La revue d’actu de France-Soir est une revue de presse hebdomadaire articulée autour de l’actualité politique, économique et médiatique, tant française qu’internationale. Sans pour autant chercher à les ignorer, cette rubrique n’a pas vocation à s’attarder sur les sujets les plus discutés de la semaine. Elle s’attache plutôt à revenir – avec un regard gentiment acerbe – sur des nouvelles parfois passées inaperçues au milieu de l’intense flux d’informations hebdomadaires.

Au programme de la "RDA" de France-Soir cette semaine : corruption, immunité judiciaire, purge parlementaire, reconnaissance faciale, Sahel, Conseil de l’Europe, ONU, petits salaires et gros profits, Nicolas Bouzou, Julien Pain, Laurent Alexandre… mais aussi Bernard Cazeneuve, Jean-Luc Mélenchon et Léon Blum.

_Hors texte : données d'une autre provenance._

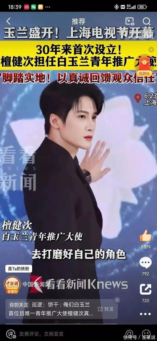漂后插句嘴哈,扶携新东谈主有莫得可能是30年来,初次确立白玉兰后生推行大使这种?檀健次亦然前程了。
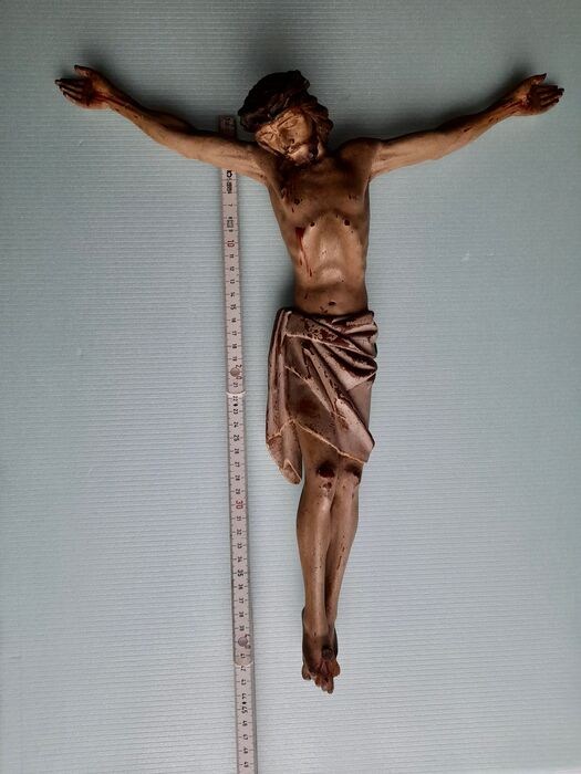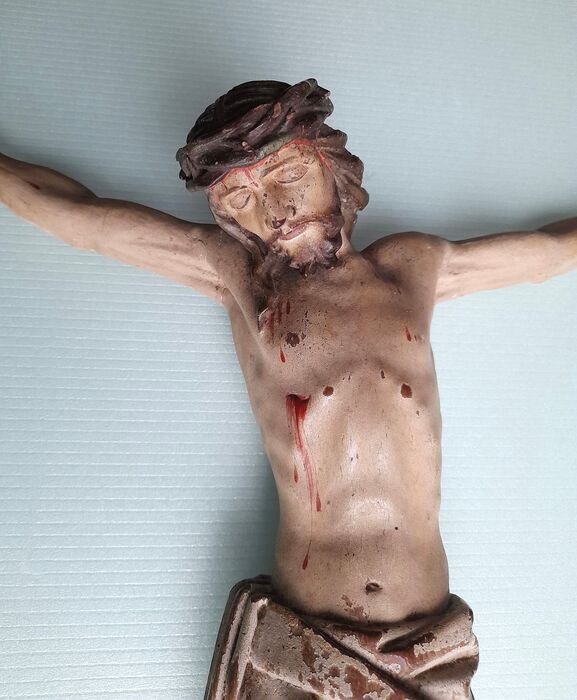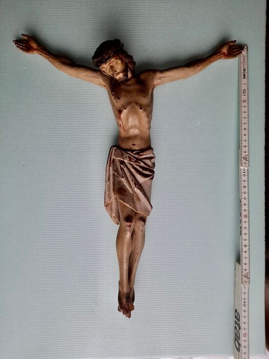 Mooie hangend, volledige, Christusbeeld, in licht hout, overtrokken met gips en beschilderd .
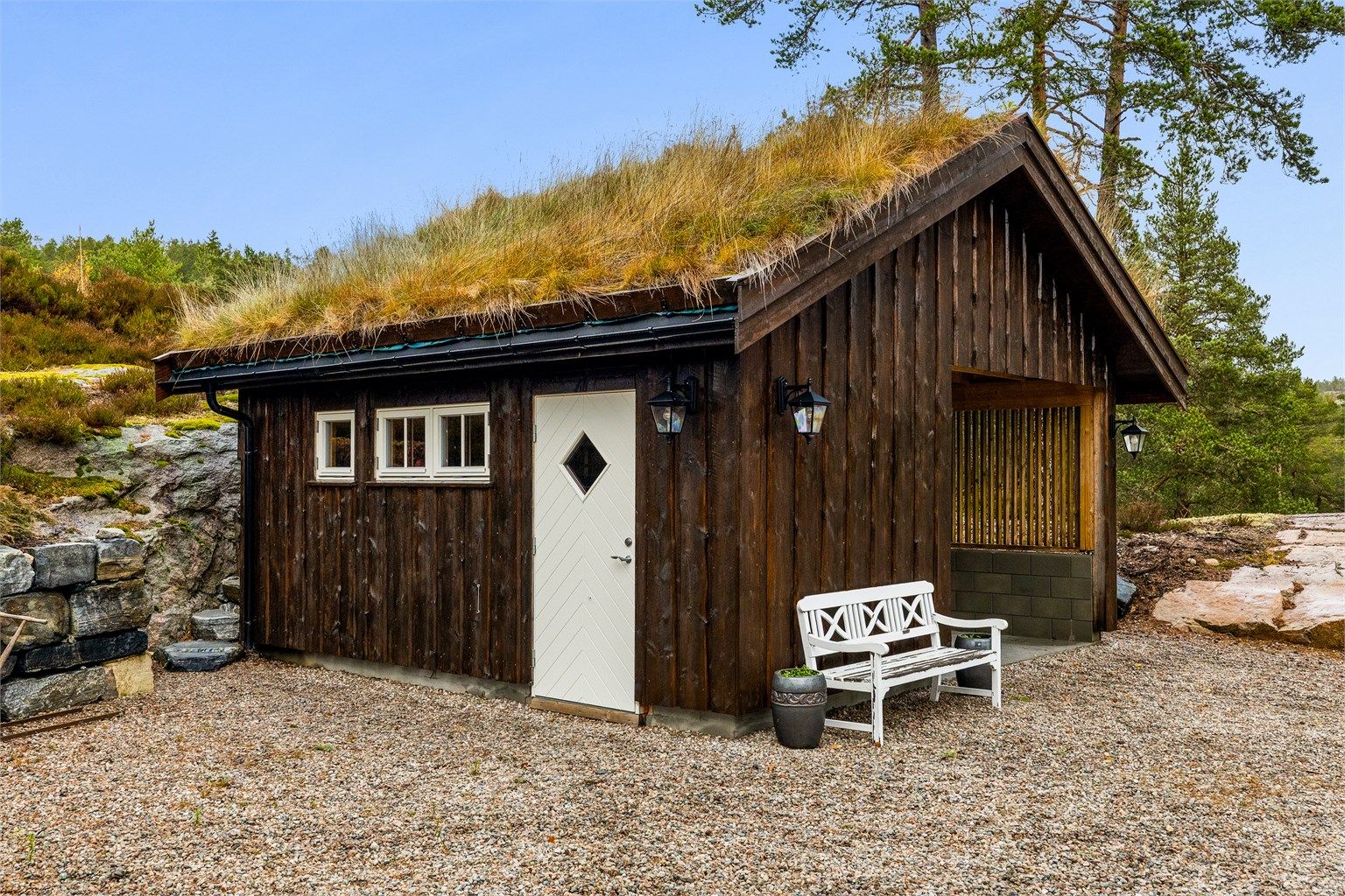 Carport med tilliggende bod og hobbyrom. Stor gruset gårdsplass. Fastmontert lader for EL-bil følger med.

Un casting de choix pour cette troisième RDA !
 

FRANCE

Lundi, Ouest-France prévenait qu’Anticor, l’association de lutte contre la corruption politique, risquait de voir son agrément ne pas être reconduit le 23 juin prochain. Cette autorisation spécifique, renouvelable tous les trois ans, « permet à l’association d’introduire une action en justice ou de se constituer partie civile dans les procédures de corruption ». Le quotidien avertit qu’en cas de non renouvellement, « toutes les affaires politico-financières engagées par Anticor, après avril 2021, pourraient être fragilisées »… comme, par exemple, celle du « secrétaire général de l’Élysée, Alexis Kohler, mis en examen pour prise illégale d’intérêts au sujet de ses liens avec l’armateur italo-suisse MSC ».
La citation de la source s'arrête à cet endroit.